In Groundbreaking Decision, Feds Say Hacking to Fix Your Electronics Is Legal

• www.motherboad.vice.com

The Librarian of Congress and US Copyright Office just proposed new rules that will give consumers and independent repair experts wide latitude to legally hack embedded software on their devices in order to repair or maintain them. This exemption to copyright law will apply to smartphones, tractors, cars, smart home appliances, and many other devices.

The move is a landmark win for the "right to repair" movement; essentially, the federal government has ruled that consumers and repair professionals have the right to legally hack the firmware of "lawfully acquired" devices for the "maintenance" and "repair" of that device. Previously, it was legal to hack tractor firmware for the purposes of repair; it is now legal to hack many consumer electronics.

Specifically, it allows breaking digital rights management (DRM) and embedded software locks for "the maintenance of a device or system … in order to make it work in accordance with its original specifications" or for "the repair of a device or system … to a state of working in accordance with its original specifications."

New copyright rules are released once every three years by the US Copyright Office and are officially put into place by the Librarian of Congress. These are considered "exemptions" to section 1201 of US copyright law, and makes DRM circumvention legal in certain specific cases. The new repair exemption is broad, applies to a wide variety of devices (an exemption in 2015 applied only to tractors and farm equipment, for example), and makes clear that the federal government believes you should be legally allowed to fix the things you own.

"I read it as the ability to reset to factory settings," Nathan Proctor, head of consumer rights group US PIRG's right to repair efforts, told me in an email. "That's pretty much what we've been asking for."

 While this is a huge win on a federal level, this decision does nothing to address the practicalities of what consumers and independent repair professionals face in the real world.
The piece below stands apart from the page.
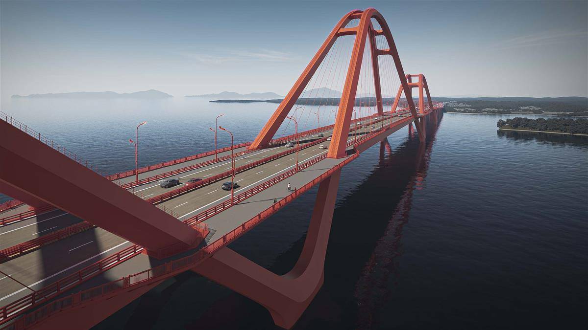 天子山大橋外觀設計主題為“拱連梁湖”,靈感來源于梁子湖的湖水波光和天子山的山勢起伏。橋梁采用連續的拱形結構,整體造型輕盈而有力,線條簡潔流暢,與周邊自然環境相協調。

Anti-tampering and repair DRM implemented by manufacturers has gotten increasingly difficult to circumvent, and the decision doesn't make DRM illegal, it just makes it legal for the owner of a device to bypass it for the purposes of repair.

A good way to think about this is to consider MacBook Pro repair. As Motherboard reported earlier this month, Apple has a built-in kill switch that can prevent new MacBook Pros from functioning if they have been repaired by anyone who is not authorized to do so by Apple. It uses embedded software to do this, by requiring the computer to connect to Apple's servers in order to verify that a repair is "authorized." This decision by the Copyright Office will make it legal to bypass that software lock, but actually doing it is another matter altogether.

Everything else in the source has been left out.